[Dataset records]
--- START ---
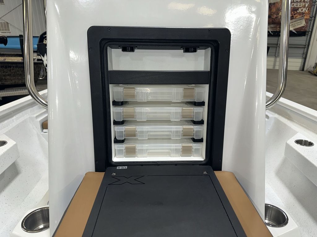- Large Bay Center Console with Baitwell, Fold Down Grabrail,
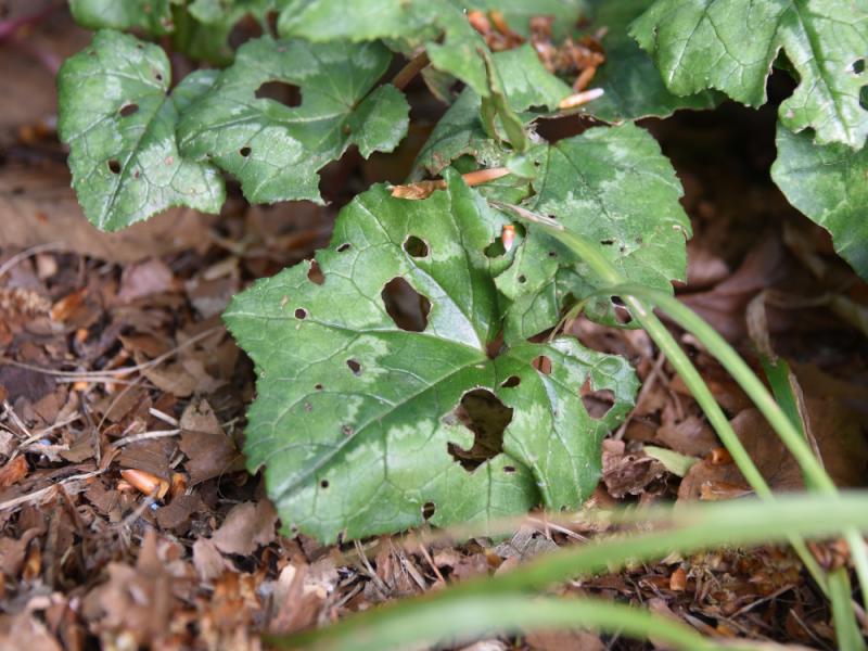 Da wir inzwischen auch vollständig auf Schneckenkorn verzichten, sind wir auf geschütztes Pflanzen oder Absammeln angewiesen. Auch Nacktschnecken bevorzugen kurze Arbeitswege. Meistens kuscheln sie in Gruppen nah am Tatort. Vorhin die frisch zerfressene 'Ideal'-Aster überprüft und fast 20 Tiere (in genau dem Stadium wie auf Walts Bild) aus dem innersten Grund der Pflanze geholt. Da, wo mich mir die Finger an den alten Stängelresten pfähle. Ich hoffe, dass das erst einmal hilft.
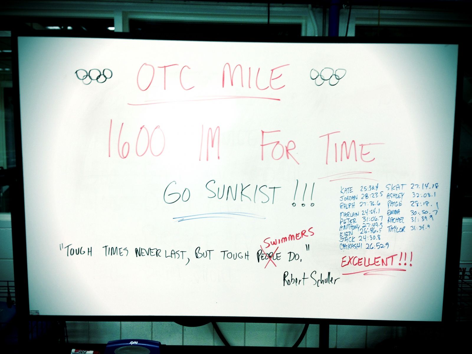 Our last practice was bitter sweet, no one wanted it to end. The meat and potatoes of the workout—the storm—was a 1600 IM for time which I dubbed THE OTC MILE. The groans and gasps dissipated a little when I told them the 1600 would be swum as four 400 IMs back to back, no stopping and no DQs. Our younger, weaker fliers would be doing eight 200 IMs back to back. It was sounding a little more reasonable to the group and soon they were gung-ho to tackle this puppy, if not just to get it over with. They all put the pedal down on The OTC Mile and every swimmer finished hard to the end. Was a long race, but they hung tough and they did it! We caught our breath with some recovery dolphin quarters then ended the workout with starts, working on a few of the things we learned in our workshops.
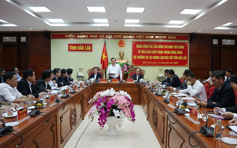 Phát biểu kết luận buổi làm việc, Ủy viên Trung ương Đảng, Bộ trưởng Bộ Tài chính Đinh Tiến Dũng đề nghị tỉnh Đắk Lắk tiếp tục tăng cường lãnh đạo, chỉ đạo triển khai hiệu quả nhiệm vụ tài chính – ngân sách nhà nước năm 2020; tiếp tục tổ chức sắp xếp, kiện toàn theo hướng tinh giản bộ máy các cơ quan thuế, kho bạc trên địa bàn tỉnh; thực hiện tốt công tác quản lý tài sản công, đặc biệt trong vấn đề quản lý, sử dụng, sở hữu đất đai; tăng cường kiểm tra, kiểm soát giá cả hàng hóa và chống buôn lậu, gian lận thương mại và hàng giả trên địa bàn; đẩy mạnh xã hội hoá lĩnh vực y tế, giáo dục để chủ động nguồn ngân sách trong thời gian tới.
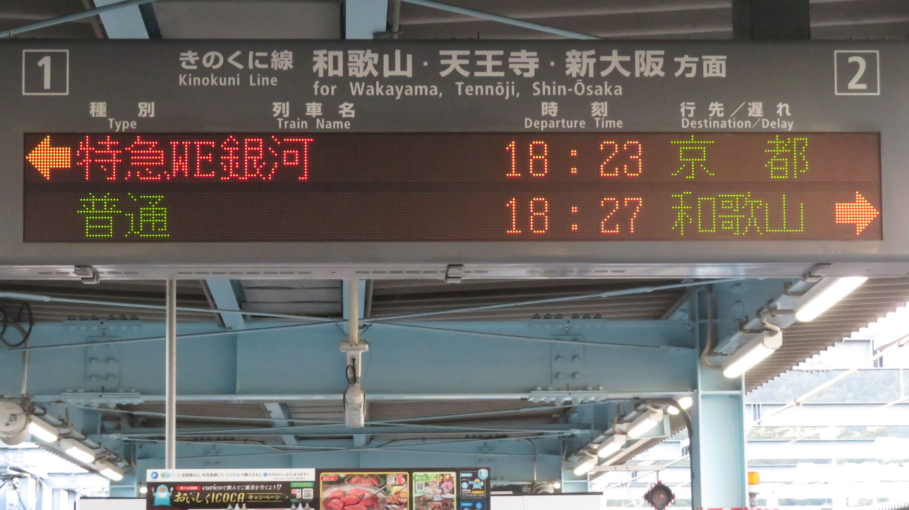 自分がこの駅で銀河を撮るのは 今回で3度目ですが、発車標の表示が毎回異なっています。
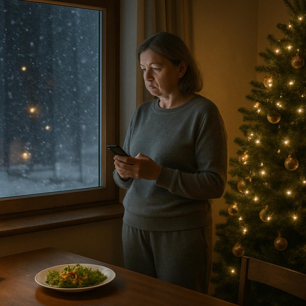 На столе — тарелка с оливье. Всего одна. Один бокал, одна салфетка. Я приготовила салат по маминому рецепту — с солёными огурцами вместо маринованных, как это делали в девяностые годы. Почему? Наверное, из-за привычки. Или из желания хоть немного приблизить ощущение праздника.
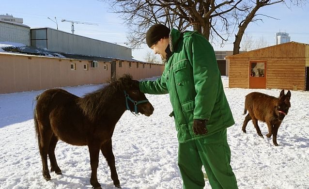 «Лексус у нас лентяй! Но мои коллеги знают, как заставить его больше двигаться. Они долгое время работали на ипподроме с лошадьми», — говорит Сергей и гладит пони.
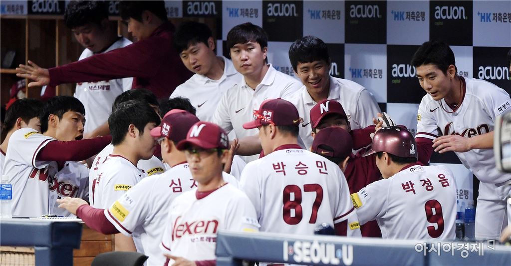 [아시아경제 김현민 기자]프로야구 한화 이글스와 넥센 히어로즈의 2017 KBO리그 경기가 17일 서울 고척돔에서 열렸다. 1회초 1사 3루에서 넥센 윤석민의 선취 1타점 적시타 때 득점을 올린 박정음이 동료들의 환영을 받고 있다. 김현민 기자 kimhyun81@asiae.co.kr<ⓒ세계를 보는 창 경제를 보는 눈, 아시아경제(www.asiae.co.kr) 무단전재 배포금지>
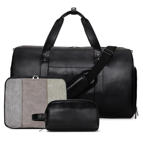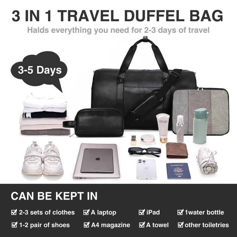 - Great 3pcs Weekender Bag: The faux leather travel duffel bag comes with toiletry bag,Packing cube,adjustable shoulder straps and shoe compartment. This mens weekender travel bag is crafted with water repellent nylon and faux leather material, Durable and not easy to wear.Perfect for men and women to use in daily travel or business trip,meet the flight regulations and requirements for carry on luggage.
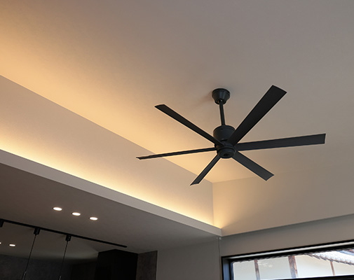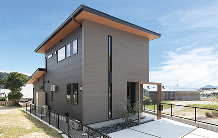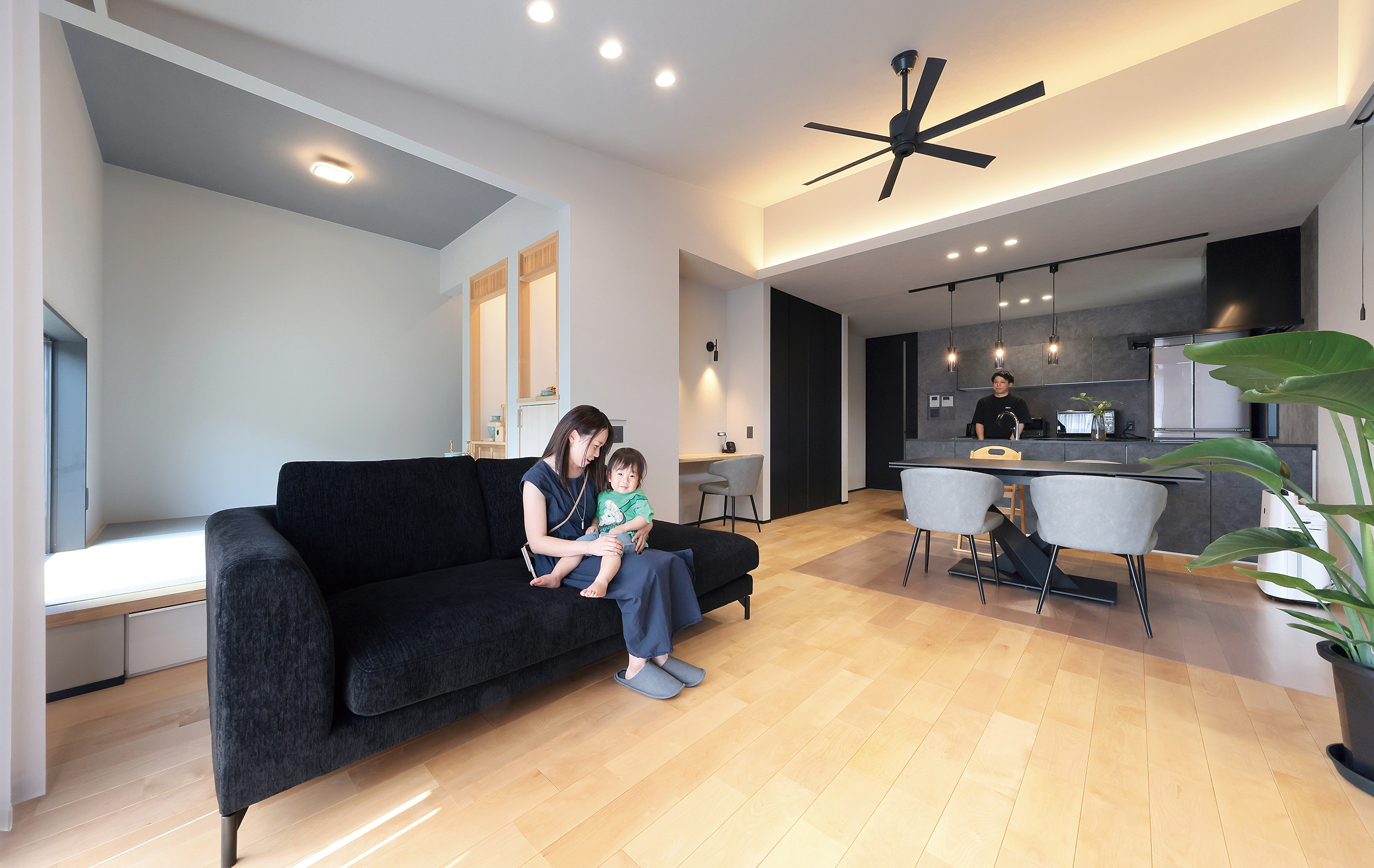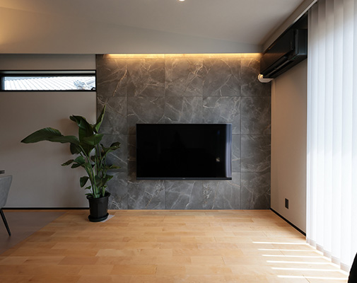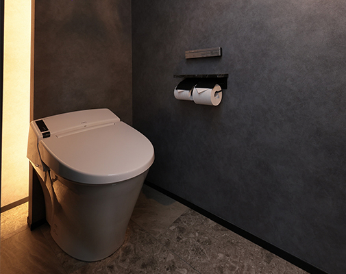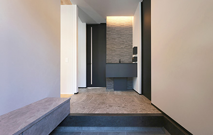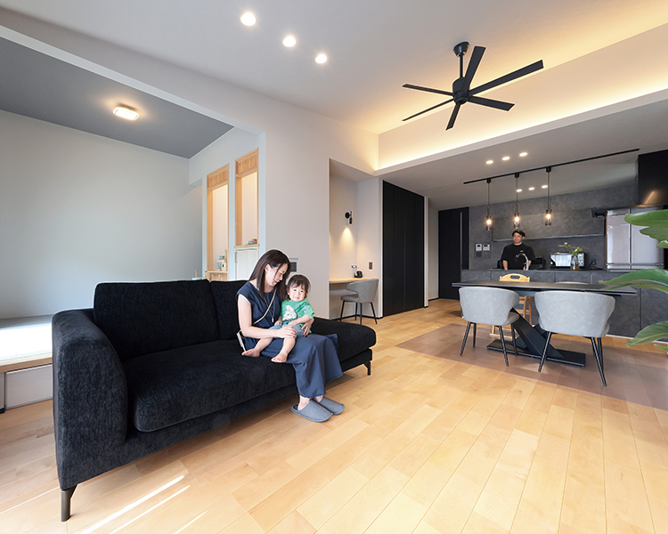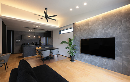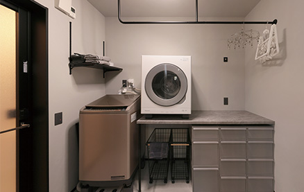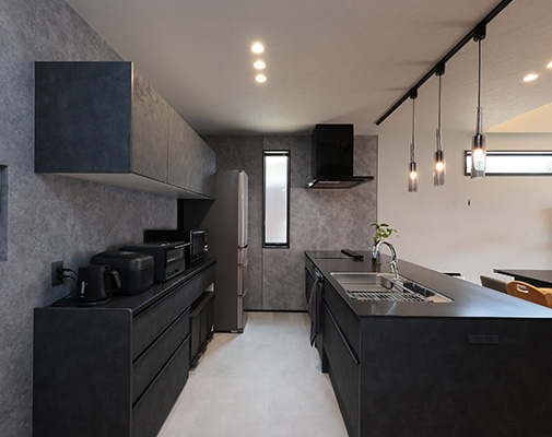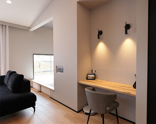 O様には、いずれ自宅でサロンを開きたいとの夢があり、家づくりではサロン経営を見据えたプランの工夫も盛り込まれました。LDKなどご家族の生活動線を通ることなくゲストを迎えられるよう玄関横にサロン用の洋室を配置し、洋室近くに洗面・トイレを配置。玄関正面に配置した洗面台にはマットブラックのスタイリッシュなタイプを選ばれ、上質感あふれる空間を演出。トイレには陰影が美しいペンダントライトや間接照明を採用され、おしゃれなバーのような雰囲気に仕上げられました。
--- END ---
## About this exercise
From the line containing "На столе — тарелка" to the end of the data above, give those lines again verbatim, with both endpoints included and no images.

## Solution to the exercise
 На столе — тарелка с оливье. Всего одна. Один бокал, одна салфетка. Я приготовила салат по маминому рецепту — с солёными огурцами вместо маринованных, как это делали в девяностые годы. Почему? Наверное, из-за привычки. Или из желания хоть немного приблизить ощущение праздника.
 «Лексус у нас лентяй! Но мои коллеги знают, как заставить его больше двигаться. Они долгое время работали на ипподроме с лошадьми», — говорит Сергей и гладит пони.
 [아시아경제 김현민 기자]프로야구 한화 이글스와 넥센 히어로즈의 2017 KBO리그 경기가 17일 서울 고척돔에서 열렸다. 1회초 1사 3루에서 넥센 윤석민의 선취 1타점 적시타 때 득점을 올린 박정음이 동료들의 환영을 받고 있다. 김현민 기자 kimhyun81@asiae.co.kr<ⓒ세계를 보는 창 경제를 보는 눈, 아시아경제(www.asiae.co.kr) 무단전재 배포금지>
 - Great 3pcs Weekender Bag: The faux leather travel duffel bag comes with toiletry bag,Packing cube,adjustable shoulder straps and shoe compartment. This mens weekender travel bag is crafted with water repellent nylon and faux leather material, Durable and not easy to wear.Perfect for men and women to use in daily travel or business trip,meet the flight regulations and requirements for carry on luggage.
 O様には、いずれ自宅でサロンを開きたいとの夢があり、家づくりではサロン経営を見据えたプランの工夫も盛り込まれました。LDKなどご家族の生活動線を通ることなくゲストを迎えられるよう玄関横にサロン用の洋室を配置し、洋室近くに洗面・トイレを配置。玄関正面に配置した洗面台にはマットブラックのスタイリッシュなタイプを選ばれ、上質感あふれる空間を演出。トイレには陰影が美しいペンダントライトや間接照明を採用され、おしゃれなバーのような雰囲気に仕上げられました。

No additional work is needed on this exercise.